Пэтти подала ей бумажную салфетку.
— Все у нас с тобой будет хорошо, точно тебе говорю. Все будет очень даже хорошо.
Крыльцо почтового отделения было залито ярким солнечным светом. Пэтти поднялась по ступенькам и почти сразу увидела внутри Чарли Маколея.
— Привет, Пэтти, — кивнул он.
— Привет, Чарли Маколей, что-то мы в последнее время то и дело с тобой встречаемся. Как поживаешь?
— Живу помаленьку. — И он направился к двери.
Пэтти открыла свой почтовый ящик, вытащила из него корреспонденцию, и ей показалось, что Чарли уже ушел. Но, выйдя на крыльцо, она увидела, что он все еще сидит на ступеньке, и, сама себе удивляясь — хотя, в общем, ничего особенно удивительного в этом не было, — присела с ним рядом.
— Ого, — сказала она, — подняться-то я, пожалуй, теперь и не смогу.
Ступенька была цементная и холодная как лед; Пэтти чувствовала этот холод даже сквозь брюки, хотя солнце и светило вовсю.
— Ну так и не вставай, — пожал плечами Чарли. — Давай просто посидим.
Позднее, через много лет, Пэтти будет перебирать в памяти воспоминания об этом дне — как они с Чарли сидели на ступеньках крыльца, и обоим казалось, что они словно выпали из времени; как на той стороне улицы за скобяной лавкой стоял какой-то дом, выкрашенный голубой краской, и вся его боковая стена была залита полуденным солнцем; как она тогда вдруг вспомнила те белые ветряные мельницы, такие высокие, с длинными худыми руками, которые хоть и вращались постоянно, но всегда в разные стороны, лишь изредка случалось, что две-три из них начинали вращаться в унисон, синхронно вздымая в небо длинные лопасти.
А тогда Пэтти и Чарли какое-то время сидели молча, потом он спросил:
— Как поживаешь, Пэтти?
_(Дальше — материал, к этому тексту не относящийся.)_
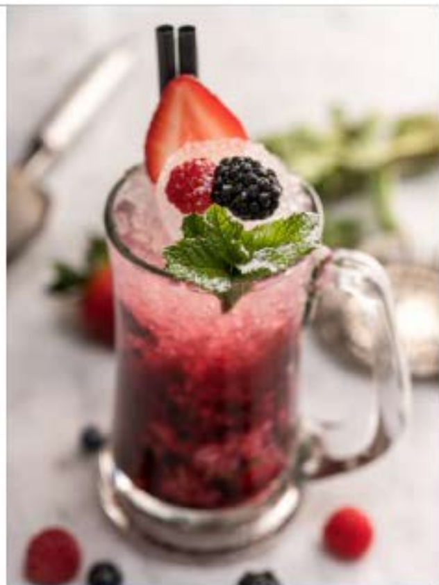
طروتي دي بوسكو

Нормально?
— Да, у меня все нормально. Все хорошо. — Она повернулась и посмотрела на него. Ей показалось, что глаза у Чарли такие невероятно глубокие, словно смотрят не на тебя, а куда-то в себя, вглубь, навсегда отвернувшись от мира.
Они еще немного помолчали.
— Ну да, ты ведь девушка со Среднего Запада, а значит, в любом случае скажешь, что у тебя все хорошо. Хотя, может, и не всегда твои дела так уж хороши.
Пэтти ничего ему на это не ответила. Она смотрела на него и видела, что чуть повыше кадыка у него торчит несколько седых волосков, явно пропущенных во время бритья.
— Ты, конечно, вовсе не обязана рассказывать мне, хороши твои дела или нет, — произнес Чарли, глядя прямо перед собой. — И я, разумеется, расспрашивать тебя не собираюсь. Я просто хотел сказать, что иногда… — он снова повернулся, посмотрел ей прямо в глаза, и Пэтти увидела, что глаза у него светло-голубые, — …иногда бывают моменты, когда в жизни у тебя далеко не все так хорошо, как ты стараешься показать. Уж я-то, черт побери, точно знаю, что в жизни всякое бывает.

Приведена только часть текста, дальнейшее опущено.